9. Large numbers do not indicate high frequency without knowledge of a population size, as in misleading reports of cycling deaths, murders committed by undocumented migrants or money sent to the European Union when the UK was a member state.
10. The false positive paradox, a consequence of Bayes' theorem, yields unexpected conclusions: for instance, a person's likelihood of having SARS-CoV-2 after a positive test result varies according to its prevalence in the population.
11. Relative risk can make sound more alarming than absolute risk, which is often omitted from news reports: for instance, an 18% increase in seizures could be an increase from 0.024% to 0.028%.
12. Measurement changes can cause inaccurate perception of trends: for example, widening of DSM criteria led to an increased proportion of the population who were diagnosed with autism; increased crime statistics can follow falls in prevalence but higher reporting rates.
13. With GDP and PISA rankings as case studies, changes in ranking position are not always statistically significant.
14. Individual studies should be contextualised, as in literature studies and meta-analyses, but are often reported in isolation in the news. This can lead scientific consensus on health to appear more changeable than in reality. The Lancet MMR autism fraud was amplified by lack of contextualisation.
15. Publication bias – which can be detected with a funnel plot – leads to overrepresentation of studies that report a correlation or large effect size. Daryl Bem's claimed evidence of effect preceding cause is used as an example.
16. For data that regularly fluctuates, such as the weather, extreme values as starting points can be used to disguise trends or create false trends.
17. Confidence intervals measure uncertainty and Brier scores measure how useful a forecast is over many predictions, rather than over a single prediction that may seem wrong—such as rain occurring when a forecast said there was a 5% chance of rain.
18. It is important to know the assumptions made by a model, as some can drastically change the resultant forecast. For instance, predictions of COVID-19 pandemic deaths differ based on whether they model unchanged human behaviour or compliance with lockdowns.
19. The Texas sharpshooter fallacy can make one prediction seem incredibly accurate in hindsight after many diverse predictions are made, such as of the 2008 financial crisis and the 2017 UK hung parliament result.
20. Identifying patterns by selecting for the dependent variable is survivorship bias, such as concluding what makes a company successful by studying only successful companies.
21. Collider variables, opposite to confounders, can yield false results if controlled for. If entrance to a college is predicated on either high academic scores or sporting achievement then the student population may show a negative correlation between academic and sporting success where none exists in the population.
22. Goodhart's law—"when a measure becomes a target, it ceases to be a good measure"—can be seen in healthcare, politics and education.
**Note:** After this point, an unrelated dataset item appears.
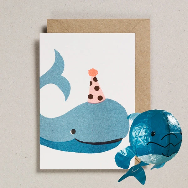 Risograph printed card with accents of fluorescent ink. Each card has a paper balloon inside that corresponds with the character on the front of the card. Blank inside. 105mm x 150mm

The authors end with a recommended "statistical style guide" for journalists.

==Reception==
In a nomination for Chalkdusts 2021 Book of the Year, a reviewer lauded the "readable and enjoyable" brevity of chapters, the clarity and conciseness of explanations and the utility for non-mathematicians. Writing in The Big Issue, Stephen Bush approved of its light tone, informativeness and separation of expository mathematical material into optional sections. Vivek Kaul of Mint praised its simplicity and the importance of the final chapter.

Martin Chilton recommended the book in The Independent as informative and enjoyable, saying that the Chivers "make sense of dense material and offer engrossing insights". In The Times, Manjit Kumar described that "the authors do a splendid job of stringing words together so smartly that even difficult concepts are explained and understood with deceptive ease". Rainer Hank of Frankfurter Allgemeine Zeitung said that he had learned much from the book and that such engaging educational materials, with little mathematical knowledge required, could lead to better journalism.